• Entries supplied
+ + + + + + +

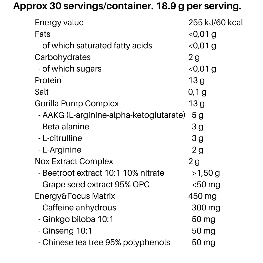 💪 Extreme Pump & Endurance Loaded with 5g AAKG, 3g citrulline malate, and 2g beta-alanine—veins, veins, and more veins!
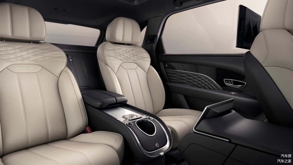 车内座椅采用菱形衍缝,辅以反衬色缝线和钢琴漆饰面镶边。头枕上新增“Atelier Edition”标识。座椅具有舒逸坐姿功能,通过内部气囊,调节对用户身体不同部位的支撑力度,缓解久坐不适感。此外,自正式轮毂盖、宝石油箱盖、氛围灯、宾利流光菱形格套件以及五座舒适套件等选装配置成为标配。
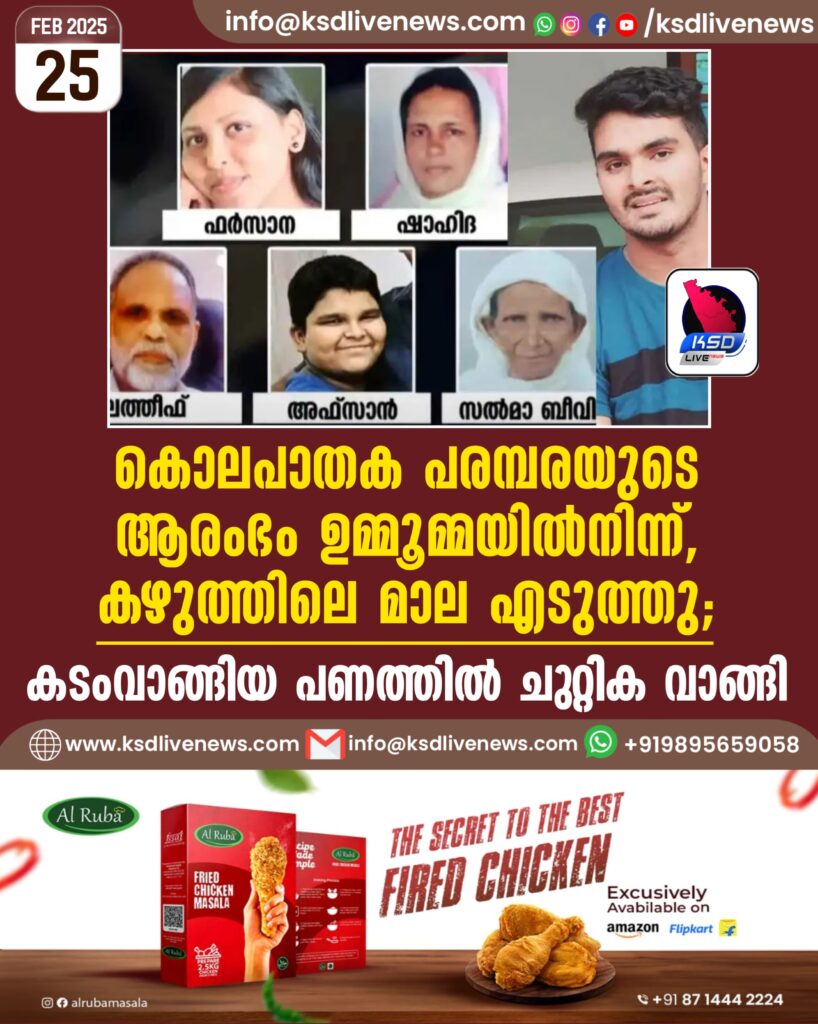 ശേഷം വീട്ടിലേക്ക് തിരിച്ചെത്തി ഉമ്മയെ ആക്രമിച്ചു. പെൺസുഹൃത്തിനെ വീട്ടിലേക്ക് വിളിച്ചു വരുത്തി കൊലപ്പെടുത്തി. ശേഷം പുറത്ത് കളിച്ചു കൊണ്ടിരുന്ന സഹോദരനേയും കൊലപ്പെടുത്തുന്നു. എല്ലാം കഴിഞ്ഞ ശേഷം ഓട്ടോറിക്ഷയിൽ പ്രതി പോലീസ് സ്റ്റേഷനിലെത്തി എന്നാണ് മൊഴിയിൽ പറയുന്നത്.
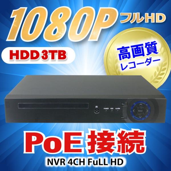 防犯カメラ用 NVR PoE 4CHレコーダー HDD-3TB フルハイビジョン対応 1080P LAN接続 フルHD 高画質 210万画素 監視カメラ 屋外 屋内 赤外線 夜間撮影
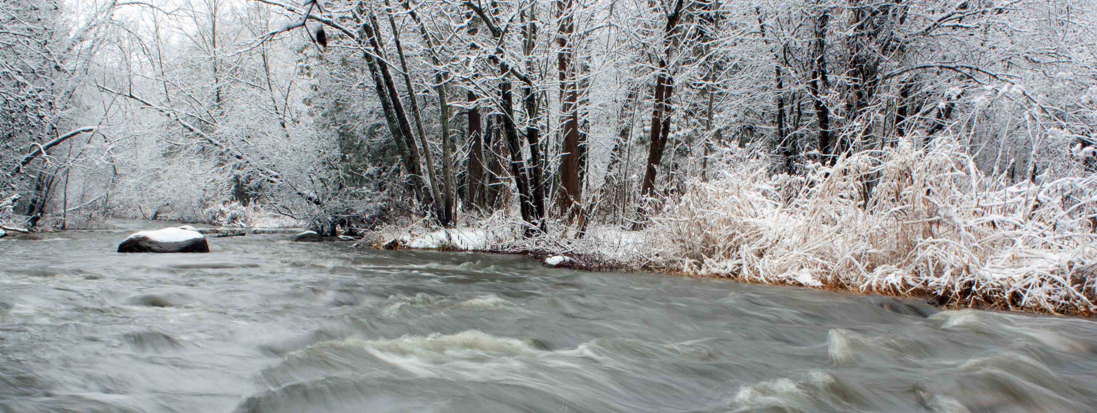 Jackson Creek flows through a mixed cedar forest with freshly fallen snow in early winter, ON (photo by Nina Munteanu)
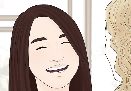 Become a more active listener and communicator to express your emotions. If your natural expression is a little stiff or sad, you may have to work a little harder to let people know that you’re engaged and reacting well to a conversation. One way to do this is through active listening. During a conversation, take extra care to make eye contact, smile when appropriate, and nod to show that you’re listening. Your body language also does a lot of talking. Avoid crossing your arms, and face your torso toward the other person to show you’re engaged and welcoming. This also means you may need to be more direct with your emotions so people know what you feel, like saying, “Thanks for being here, I love to see you,” or, “I’m so excited to see this movie!”
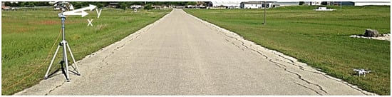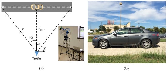 Radar is a possible alternative to optical cameras for vehicle sensing in traffic monitoring, perimeter security, and autonomous driving applications [25,26,27,28,29,30,31,32,33]. SAR imaging of stationary ground vehicles from airborne sensors has already been a subject of extensive investigations in the past [25,26,27,28]. ISAR imaging of moving vehicles from a stationary ground radar has also been realized in the small-angle scenario previously [31,32]. Wide-angle imaging may offer better resolution and richer geometrical features. In Reference [33], 360° ISAR imaging was carried out to obtain a high-resolution image map of a vehicle. However, the measurement was done on a turntable. In Reference [34], we reported on the cooperative wide-angle UWB imaging of vehicles, where the imaged vehicles are instrumented to provide range information. In this paper, we address the non-cooperative scenario, where the vehicle range is not known and will need to be estimated from the measured range profile data. To collect the data, the PulsON 410 (P410) UWB transceiver is used as a mono-static radar [13]. The sampling rate for consecutive range profiles is chosen such that: (i) It is greater than the Doppler extent of the target to ensure no Doppler aliasing occurs, and (ii) it is as low as possible to maximize the number of coherent pulse integration to reduce noise. In this case, it is set to 67 Hz. A single dual-ridged broadband horn (Dorado International, GH1-12N, 1–12 GHz) is employed for both transmit and receive, through the use of a circulator (CS-16-50 from MLCI Corporation). Vertical polarization is used on transmit and receive. Note that the 10 MHz pulse repetition frequency is fixed in the firmware of the radar and is not adjustable by the user. Table 1 summarizes the measurement parameters.

+ + + + + + +

Print the full listing again exactly, and drop every image from it.

 💪 Extreme Pump & Endurance Loaded with 5g AAKG, 3g citrulline malate, and 2g beta-alanine—veins, veins, and more veins!
 车内座椅采用菱形衍缝,辅以反衬色缝线和钢琴漆饰面镶边。头枕上新增“Atelier Edition”标识。座椅具有舒逸坐姿功能,通过内部气囊,调节对用户身体不同部位的支撑力度,缓解久坐不适感。此外,自正式轮毂盖、宝石油箱盖、氛围灯、宾利流光菱形格套件以及五座舒适套件等选装配置成为标配。
 ശേഷം വീട്ടിലേക്ക് തിരിച്ചെത്തി ഉമ്മയെ ആക്രമിച്ചു. പെൺസുഹൃത്തിനെ വീട്ടിലേക്ക് വിളിച്ചു വരുത്തി കൊലപ്പെടുത്തി. ശേഷം പുറത്ത് കളിച്ചു കൊണ്ടിരുന്ന സഹോദരനേയും കൊലപ്പെടുത്തുന്നു. എല്ലാം കഴിഞ്ഞ ശേഷം ഓട്ടോറിക്ഷയിൽ പ്രതി പോലീസ് സ്റ്റേഷനിലെത്തി എന്നാണ് മൊഴിയിൽ പറയുന്നത്.
 防犯カメラ用 NVR PoE 4CHレコーダー HDD-3TB フルハイビジョン対応 1080P LAN接続 フルHD 高画質 210万画素 監視カメラ 屋外 屋内 赤外線 夜間撮影
 Jackson Creek flows through a mixed cedar forest with freshly fallen snow in early winter, ON (photo by Nina Munteanu)
 Become a more active listener and communicator to express your emotions. If your natural expression is a little stiff or sad, you may have to work a little harder to let people know that you’re engaged and reacting well to a conversation. One way to do this is through active listening. During a conversation, take extra care to make eye contact, smile when appropriate, and nod to show that you’re listening. Your body language also does a lot of talking. Avoid crossing your arms, and face your torso toward the other person to show you’re engaged and welcoming. This also means you may need to be more direct with your emotions so people know what you feel, like saying, “Thanks for being here, I love to see you,” or, “I’m so excited to see this movie!”
 Radar is a possible alternative to optical cameras for vehicle sensing in traffic monitoring, perimeter security, and autonomous driving applications [25,26,27,28,29,30,31,32,33]. SAR imaging of stationary ground vehicles from airborne sensors has already been a subject of extensive investigations in the past [25,26,27,28]. ISAR imaging of moving vehicles from a stationary ground radar has also been realized in the small-angle scenario previously [31,32]. Wide-angle imaging may offer better resolution and richer geometrical features. In Reference [33], 360° ISAR imaging was carried out to obtain a high-resolution image map of a vehicle. However, the measurement was done on a turntable. In Reference [34], we reported on the cooperative wide-angle UWB imaging of vehicles, where the imaged vehicles are instrumented to provide range information. In this paper, we address the non-cooperative scenario, where the vehicle range is not known and will need to be estimated from the measured range profile data. To collect the data, the PulsON 410 (P410) UWB transceiver is used as a mono-static radar [13]. The sampling rate for consecutive range profiles is chosen such that: (i) It is greater than the Doppler extent of the target to ensure no Doppler aliasing occurs, and (ii) it is as low as possible to maximize the number of coherent pulse integration to reduce noise. In this case, it is set to 67 Hz. A single dual-ridged broadband horn (Dorado International, GH1-12N, 1–12 GHz) is employed for both transmit and receive, through the use of a circulator (CS-16-50 from MLCI Corporation). Vertical polarization is used on transmit and receive. Note that the 10 MHz pulse repetition frequency is fixed in the firmware of the radar and is not adjustable by the user. Table 1 summarizes the measurement parameters.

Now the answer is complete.